I have asked vets who should scrape their brains off the ceiling. Who would you have find you with your head missing? Your little girl or boy? Your spouse? Your mother or father? Your Battle Buddy? If you knew how much pain your suicide would give to those who love you would you still kill yourself?
OK, we know the answer and it doesn’t help. My question is wrong. I repeat, there is nothing you could say to stop me from suicide. So let’s look at life. What could I possibly say about living that would make you want to give it one more chance? I’m not asking you to make believe the pain will go away. I’m not asking you to embrace life, as if my words would make you want to do that.
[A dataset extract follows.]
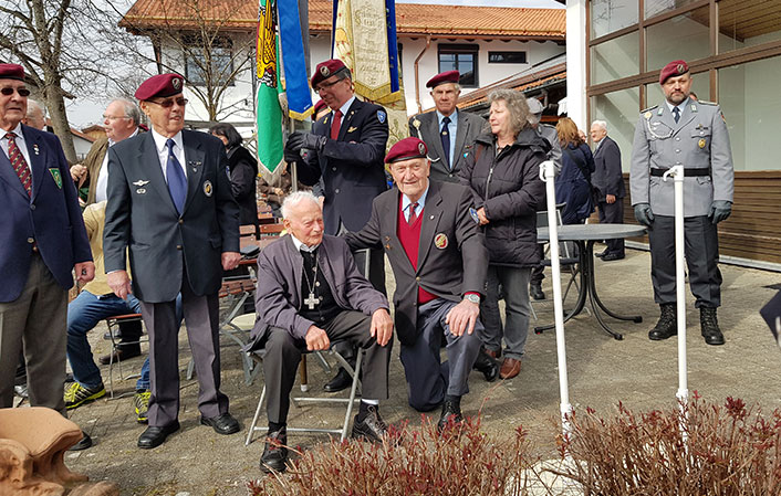 Am 21. Mai 1941 ist Hermann Völck nach seinem Fallschirmabsprung auf Kreta gelandet. Nach 3jähriger Gefangenschaft in Monte Cassino studierte er nach dem Krieg Philosophie, Psychologie und Theologie und erhielt im Jahr 1960 die Priesterweihe. Er war Militärpfarrer bei den FschJg- und Gebirgsjägern der Bundeswehr, Pfarrer von Altstädten und feierte am Sonntag, den 7. April 2019 seinen 100sten Geburtstag. Die Feier begann mit einem Gottesdienst in St. Ulrich in Seeg, zelebriert von Dekan Deuring und Pfarrer Schnabel. Anschließend erfolgte ein Empfang im Festsaal des Gemeindezentrums. Der KSV Lützelburg wurde vertreten durch seinen 1. Vorsitzenden Gernot Keller mit Vereinsfahne. Die Fahnenbegleitung wurde gestellt durch Fallschirmjäger der Bundeswehr.
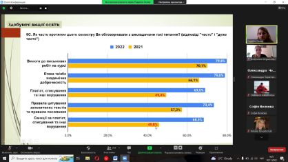 Пан Олександр представив доповідачку семінару завідувачку відділу моніторингу якості освітньої діяльності, доцента Радмілу Скляр. На початку своєї доповіді, пані Радміла, акцентувала увагу на меті даного зібрання – це розглядання основних вимог існуючого законодавства та нормативних документів щодо дотримання норм академічної доброчесності в розрізі функціонування системи внутрішнього забезпечення якості університету. Також, за результатами пройдених в 2020-2021 та 2021-2022 навч. роках опитувань викладачів та здобувачів вищої освіти від Американських рад з міжнародної освіти, представити порівняльний аналіз відповідей, виокремити проблемні моменти та на базі отриманих даних створити модель щодо подальшого покращення забезпечення академічної доброчесності та якості вищої освіти у ТДАТУ.

I knew three things for sure when I came home from Viet Nam. I did not deserve to live. I could not be forgiven. I had become less than human. Any one was reason enough to kill myself. Add to that, a year or two later, I was diagnosed by a psychiatrist as paranoid and/or paranoid schizophrenic, a then common diagnosis for Viet Nam War vets. He told me it was incurable, that I would get progressively worse and that I would eventually be put away. That’s a death sentence for a living death, a curse. The ghost sought to complete my death. The flesh was comatose. I was so angry even my bones raged. When I wasn’t angry, I was suicidally depressed.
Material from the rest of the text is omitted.